The Mirror of Erised and the Alienation of Modern Youth

During term II of the 2002-3 school year, the University of Maryland University College, European Division, offered an on-line seminar on the Harry Potter series. Our first assignment was to select a passage from the novels and write an essay explaining how the passage illustrates a universal truth about modern youth. The following essay is my submission for the assignment (I've edited it somewhat since turning it in).
His panic fading now that there was no sound of Filch and Snape, Harry moved nearer to the mirror, wanting to look at himself but seeing no reflection again. He stepped in front of it.

He had to clap his hands to his mouth to stop himself from screaming. He whirled around. His heart was pounding far more furiously than when the book had screamed—for he had seen not only himself in the mirror, but a whole crowd of people standing right behind him...

They just looked at him, smiling. And slowly, Harry looked into the faces of the other people in the mirror, and saw other pairs of green eyes like his, other noses like his, even a little old man who looked as though he had Harry's knobbly knees—Harry was looking at his family, for the first time in his life.

The Potters smiled and waved at Harry and he stared hungrily back at them, his hands pressed flat against the glass as though he was hoping to fall right through it and reach them. He had a powerful kind of ache inside him, half joy, half terrible sadness. (Harry Potter and the Sorcerer's Stone, pg 208-9).

Although J. K. Rowling probably did not intend it, the quoted passage neatly allegorizes the alienation that contemporary children face with regard to their parents, summed up in real life by this platitude: "My parents don't understand me."

The conflict that underlies this alienation has always existed; it is rooted in the differences between the value systems of adults and children. Humans are not born with any values system; if they are to have one, it must be acquired. If the children progress to the point where they have gained their parents' outlook on life, the conflict fades away.

As little as a century ago it was the universal expectation that children would adopt their parents' values, and thereby become adults themselves. As the apostle Paul writes, "When I was a child, I spake as a child, I understood as a child, I thought as a child; but when I became a man, I put away childish things." (1 Cor 13:11) It was expected that children would behave differently from adults, but it was also expected that they would cross the generation gap; the child who rebelled was in the wrong. To suggest that children need not grow into their parent's outlook was viewed as an attack on society, to which the ghost of Socrates can bear witness.

This greatly contrasts with modern society, which is at best indifferent to the generation gap. Children are no longer expected to recognize that it is their lack of maturity which sets them apart from their parents; rather they are permitted, if not encouraged, to think that their parents follow an old and outdated set of ideas, which they need not accept. Furthermore, children are encouraged to believe that they are betraying themselves if they adopt their parents' values, thereby freezing a passing state of disagreement into a durable state of alienation.

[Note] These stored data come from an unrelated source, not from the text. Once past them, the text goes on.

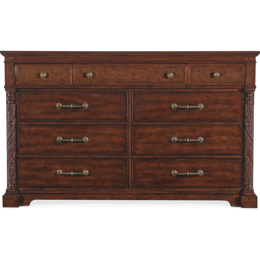 Description: The tropical craftsmanship and botanical carving of the West Indies meets southern charm with the Theodore Nine-Drawer Dresser. Crafted of Cherry Veneers, Cane and Resin, the top three drawers have cane insets on the drawer fronts and removable felt liners inside. Front posts on either side have leaf motif carving. The center top drawer has a removable felt jewelry tray and the bottom two drawers are cedar-lined. The dresser is finished in Maraschino Cherry using natural grain Cherry Veneers showcasing a dramatic cathedral structure with naturally occurring knots to deliver a rich warm finish and a smooth sophisticated aesthetic. The round knob and bar pull hardware is finished in an antique bronze.
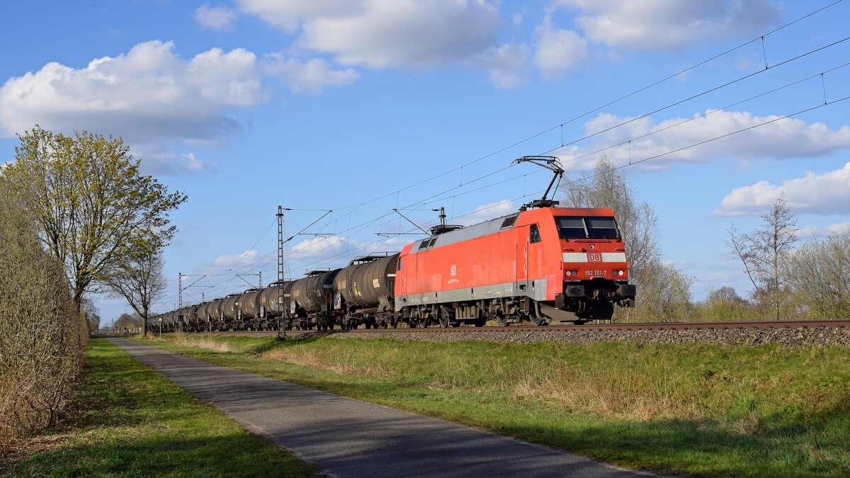 Deutschland Lok 152 098 von DBC zieht einem kürzem leerem Güterzug in Bottrop Cokerei Prosper 8/4/2026
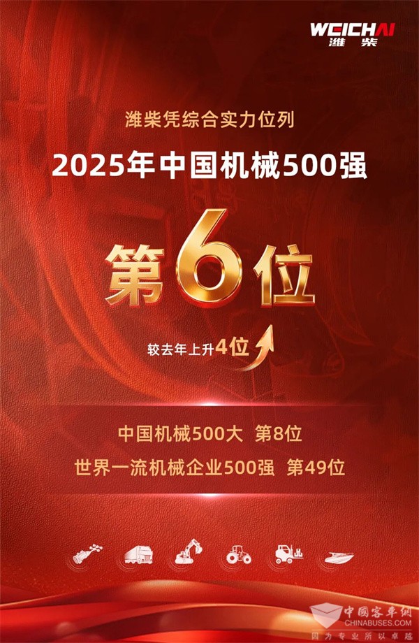 2025年12月4日,由中国机械工业企业管理协会主办的2025年中国机械500强研究报告发布会暨中机企协业务总部启用仪式在江苏举办,潍柴凭综合实力位列“2025年中国机械500强”第6位,较去年上升4位;同时位列“2025中国机械500大”第8位、“2025世界一流机械企业”第49位,以多维优异表现彰显装备制造领军企业硬核实力。

As a result, contemporary children feel irremediably cut off from their parents. This is not without consequence: Children need their parents, even if they have been taught to pretend otherwise, and any separation from a loved one is painful. They are offered pop culture as a substitute, but it is profoundly inadequate; the pain edures.

This theme is presented allegorically with the Mirror of Erised. The allegory is not perfect; no allegory is. Harry's separation from his parents is physical, rather than philosophical. He is not in denial of the cause of his pain, and he has rejected utterly the idea that he is better off without his parents. Furthermore, contemporary children bear a small responsibility for their slowness to adopt their parents' values, whereas the death of Harry's parents was none of Harry's doing.

Nonetheless, the allegory is apt. He is cut off from the people that love him without reservation. He has the worldly benefit of their parentage—fame and wealth—but it is meaningless to him. He has no father with whom he can talk about Cho Chang, no mother for whose gaze he can hold up the hard-gained Snitch at the end of a Quidditch match. In #4 Privet Drive, and in the corridors of Hogwarts, Harry can put these things out of mind; before the Mirror, Harry has no choice but to feel the love that could have been, and the pain from knowing that this love can never be expressed; and among our alienated youth there are countless children who read this passage and say to themselves, "this is how I feel."